Kantor PKI cabang desa tak pernah sepi. Sejak perintah orang kecamatan datang, mereka berkumpul hampir setiap hari, mengobarkan semangat dan saling menyemangati. Pagi ini menjadi pertemuan yang besar, orang-orang Lekra dan BTI berkumpul. Tak hanya dari desa Gondanglegi, banyak anggota luar desa yang datang. Mereka meluber sampai ke halaman dan jalanan.

“Kawan Triman silahkan berbicara dan membuka pertemuan umum kita,” moderator mempersilakan.

Triman berdiri, merapikan baju lalu membetulkan letak kacamatanya sebelum membuka acara. Pelan mengalun lalu meninggi tak lama kemudian.

“Tak ada lagi yang patut kita takutkan,” seru Triman, “tak ada perlawanan besar bagi setiap pergerakan kita.”

Orang-orang terdiam, takzim mendengarkan.

“Kawan-kawan BTI tak kenal lelah meminta keadilan, berdarah berkeringat tanpa takut,” sambungnya berapi-api, ”begitu pula kawan-kawan Lekra, setiap hari menyajikan ideologi dan tujuan revolusi di jalan-jalan, rumah-rumah dan aku yakin menjadi percakapan di meja makan.”

Tepuk tangan menggema, ruangan dalam sampai jalanan dipenuhi semangat kaum revolusioner. Nyali setiap orang membesar. Pertemuan umum itu tak memiliki tujuan, hanya sekedar berkumpul dan menunjukkan kekuatan. Seperti perintah orang-orang kecamatan.

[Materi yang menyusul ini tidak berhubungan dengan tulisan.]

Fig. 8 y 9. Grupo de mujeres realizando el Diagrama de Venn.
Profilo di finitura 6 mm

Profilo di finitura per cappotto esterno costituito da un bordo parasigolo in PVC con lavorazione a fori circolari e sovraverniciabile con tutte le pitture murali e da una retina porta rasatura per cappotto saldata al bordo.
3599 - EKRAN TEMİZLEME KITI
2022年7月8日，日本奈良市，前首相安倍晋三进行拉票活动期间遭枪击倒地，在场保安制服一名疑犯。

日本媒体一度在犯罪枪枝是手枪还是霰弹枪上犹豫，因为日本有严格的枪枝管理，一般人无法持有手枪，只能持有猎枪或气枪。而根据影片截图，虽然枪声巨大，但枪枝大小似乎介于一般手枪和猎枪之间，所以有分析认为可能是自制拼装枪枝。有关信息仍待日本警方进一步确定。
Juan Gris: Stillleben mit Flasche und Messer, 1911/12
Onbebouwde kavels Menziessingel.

“Genjer-genjer setiap hari!” teriak Triman membakar semangat.

“Genjer-genjer setiap hari!” sahut semua orang.

“Lanjutkan lagi slogan lama, sama rasa sama rasa,” lanjut Triman semakin berapi-api, “ganyang tujuh setan desa!”

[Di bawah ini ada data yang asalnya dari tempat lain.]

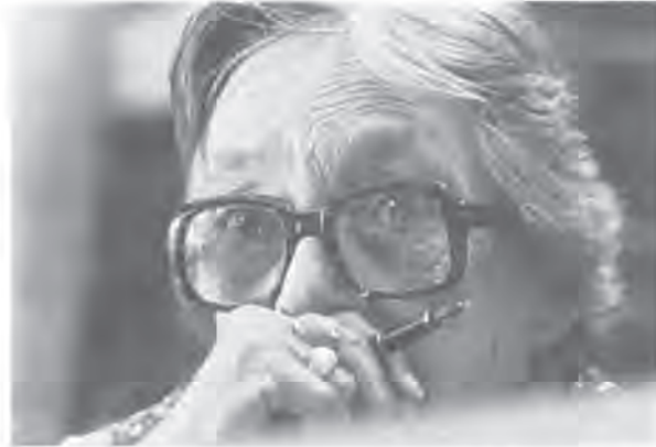
Marguerite Duras, en 1985.

www.comedie-francaise.fr/biographies/duras.htm

Sambutan menggema. Suara lantang Triman masuk ke relung-relung hati mereka, berubah menjadi sebuah tekad bulat. Setan desa harus binasa.

 

ooOOoo


Pagar kemangi di rumah Mbah Salam telah dipotong rapi. Lek Ngateno membabatnya tadi pagi, juga semak, rumput dan ilalang yang mulai tinggi. Winarsih membantu, dia menyiapkan kopi dan sarapan sambil menunggu bapaknya.

“Buang saja ke belakang, Nduk. Biar jadi pupuk,” kata Ngateno.

Winarsih patuh, mengambil sisa-sisa potongan kemangi, rumput dan ilalang lalu membuangnya ke belakang rumah. Potongan-potongan kecil disapu dan dikumpulkan di cikrak[2] bambu.